Se invece sono presenti otturazioni, capsule, impianti sui denti davanti, naturalmente non cambieranno colore insieme al dente naturale.
Per ottenere un’estetica ottimale in questi casi sarà necessario rifare le otturazioni e i manufatti protesici dopo circa 20 giorni o nelle situazioni opportune valutare soluzioni diverse come faccette e corone estetiche.
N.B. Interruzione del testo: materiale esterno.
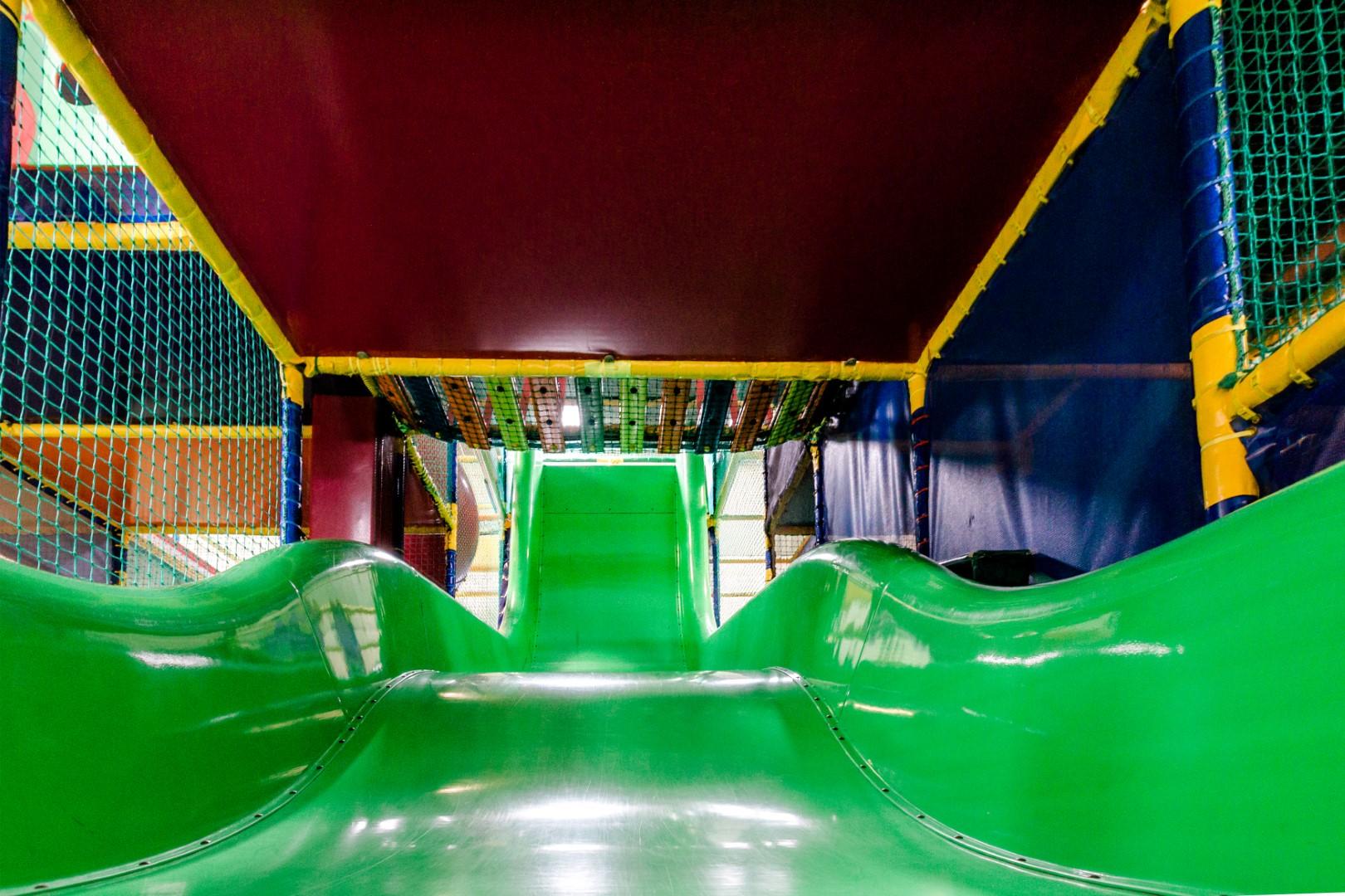 Jullie jongste kapoenen kunnen zich uitleven met de ballenkanonnen, klimmuren, glijbanen, trampolines en de stijlste schuif - van de grote regio.

Le faccette dentali estetiche

Le faccette estetiche sono lamine sottilissime di ceramica di circa 0,6 mm che vengono applicate sulla superficie dei denti attraverso cementi adesivi. Sono una sorta di “lente a contatto” sopra il dente. La sostanza dentale asportata è molto ridotta o addirittura nulla e la resa estetica  eccellente. Spesso si incontrano pazienti che non sono soddisfatti del proprio sorriso, vorrebbero cambiare forma e colore dei denti anteriori, magari perché abrasi o rovinati: le faccette sono una straordinaria alternativa all’odontoiatria tradizionale che in questi casi prevedeva solo di limare completamente i denti e ricoprirli con corone protesiche (“capsule”). Con le faccette estetiche si possono correggere anche diastemi (gli spazi eccessi tra i denti), denti fratturati e malformati.

 

La ragione dell’aspetto naturale delle faccette sta nello spessore sottile e traslucente della porcellana che permette alla luce di passare attraverso la faccetta esattamente come nel dente naturale. Quando la luce incide sul dente naturale non viene immediatamente riflessa ma passa attraverso lo smalto che è traslucente, solo quando raggiunge la dentina sottostante viene riflessa e in parte assorbita. Questo comportamento ottico multistrato con uno spessore superficiale che fa passare la luce e uno spessore profondo che la riflette è fondamentale ai fini del colore e dell’aspetto naturale del dente. Le faccette in porcellana  grazie alla combinazione di spessore sottile e porcellana traslucente, permette il passaggio della luce e riproduce il comportamento ottico del dente naturale. Queste eccellenti caratteristiche estetiche si conservano nel tempo: grazie alle longevità della porcellana le faccette dentali non cambiano colore e anche a distanza di molti anni appaiono esattamente come appena applicate.

Le fasi dell’intervento

Gli appuntamenti  necessari per la realizzazione sono in genere solo 2. Nel primo vengono preparati i denti e presa un’impronta di precisione, essa va al laboratorio che grazie a foto e informazioni raccolte provvede alla realizzazione delle faccette. Al termine della seduta sono applicate sui denti delle faccette provvisorie in resina. Esse riproducono in maniera esatta le caratteristiche estetiche delle faccette definitive (forma, colore, dimensioni.. ). In questo modo è possibile “provare” le faccette e verificare che il risultato estetico sia quello desiderato. Nel secondo appuntamento sono rimosse le faccette in resina e applicate le faccette in porcellana con una procedura di cementazione adesiva che garantisce il perfetto adattamento e la massima integrazione della faccetta con il dente.